Synopsis The Children of Israel multiply in Egypt. Threatened by their growing numbers, Pharaoh enslaves them and orders the Hebrew midwives, Shifrah and Puah, to kill all male babies at birth. When they do not comply, he commands his people to cast the Hebrew babies into the Nile. A child is born to Jocheved, the daughter of Levi, and her husband, Amram, and placed in a basket on the river, while the baby's sister, Miriam, stands watch from afar. Pharaoh's daughter discovers the boy, raises him as her son, and names him Moses. As a young man, Moses leaves the palace and discovers the hardship of his brethren. He sees an Egyptian beating a Hebrew and kills the Egyptian. The next day he sees two Jews fighting; when he admonishes them, they reveal his deed of the previous day, and Moses is forced to flee to Midian. There he rescues Jethro's daughters, marries one of them - Zipporah - and becomes a shepherd of his father-in-law's flocks.
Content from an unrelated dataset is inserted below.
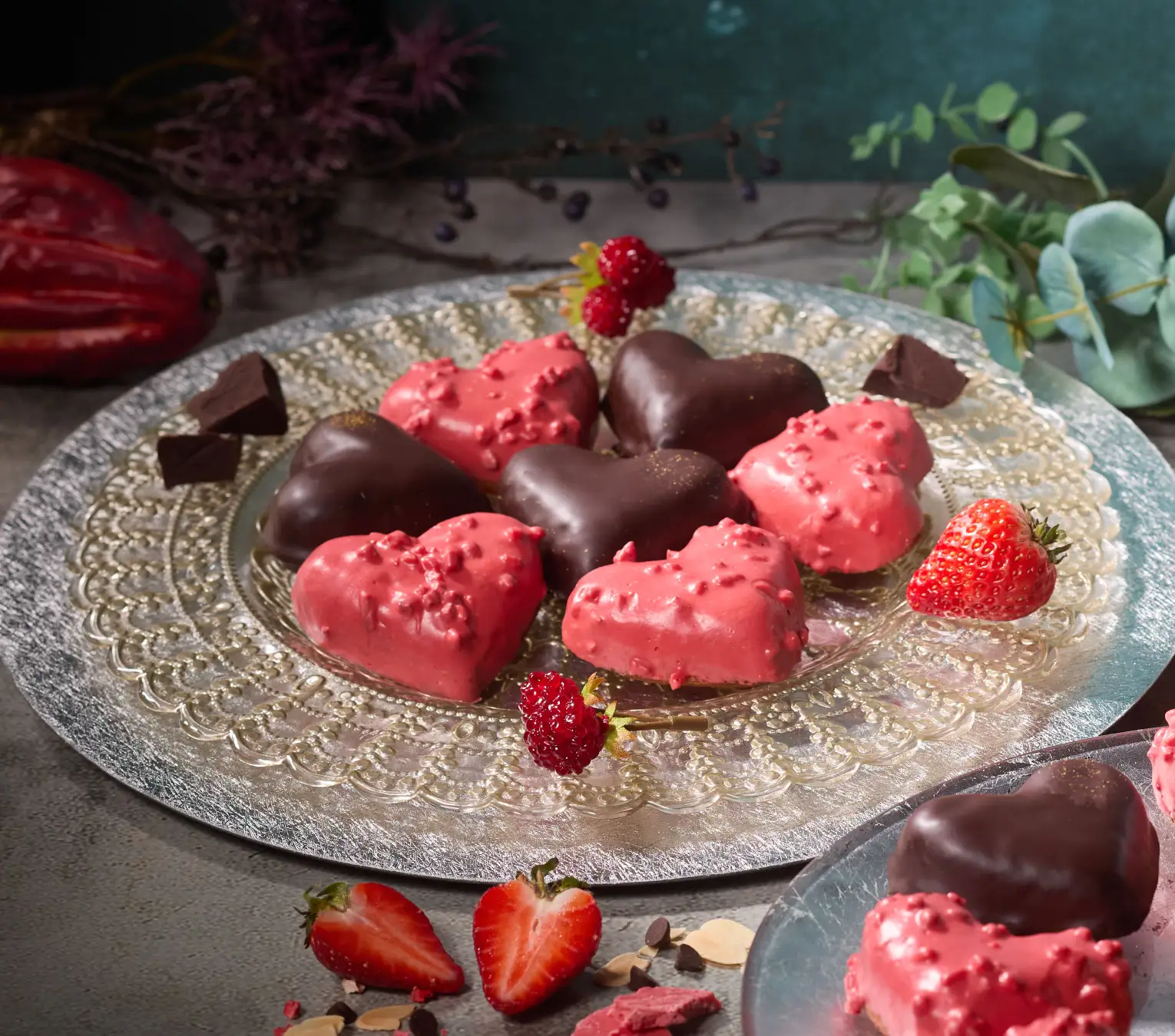 ココアフィナンシェ生地に生いちごコンフィチュールを重ね焼き上げ、シャリっと食感のチョコレートとカカオニブで仕上げました。
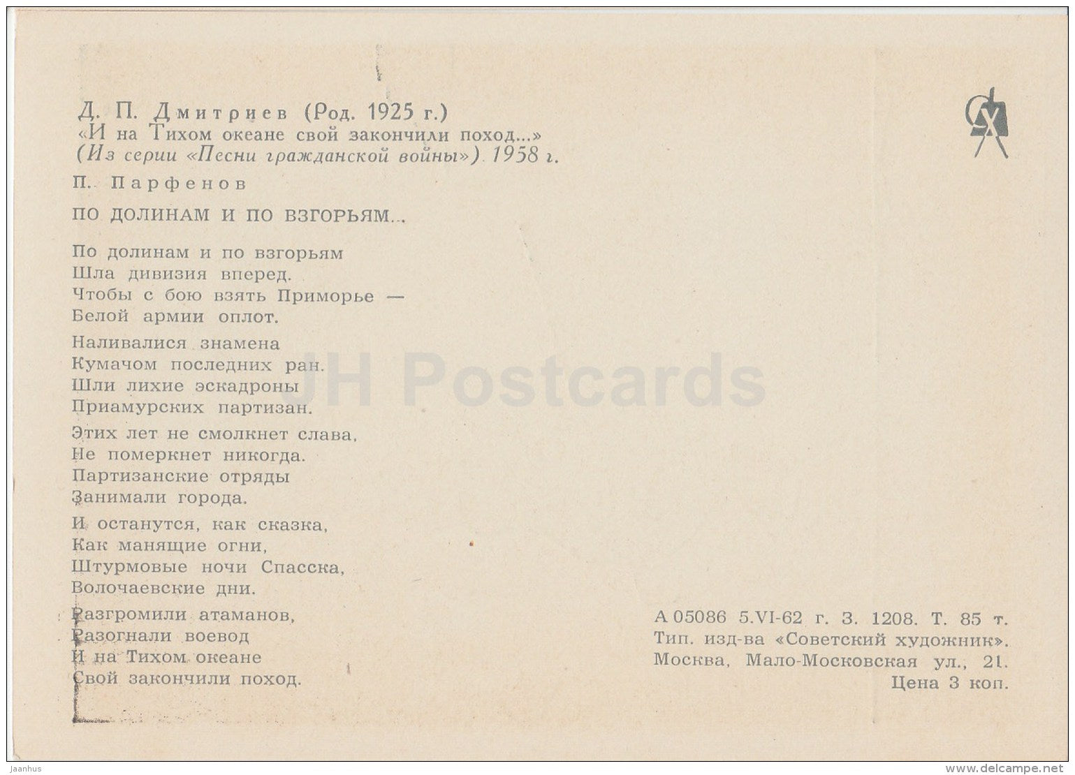 illustration by D. Dmitriyev - soldier - Red Army - Songs of Civil War - 1962 - Russia USSR - unused

God appears to Moses in a burning bush at the foot of Mount Sinai and instructs him to go to Pharaoh and demand: "Let My people go, so that they may serve Me." Moses' brother, Aaron, is appointed to serve as his spokesman. In Egypt, Moses and Aaron assemble the elders of Israel to tell them that the time of their redemption has come. The people believe; but Pharaoh refuses to let them go, and even intensifies the suffering of Israel. Moses returns to God to protest: "Why have You done evil to this people?" God promises that the redemption is close at hand.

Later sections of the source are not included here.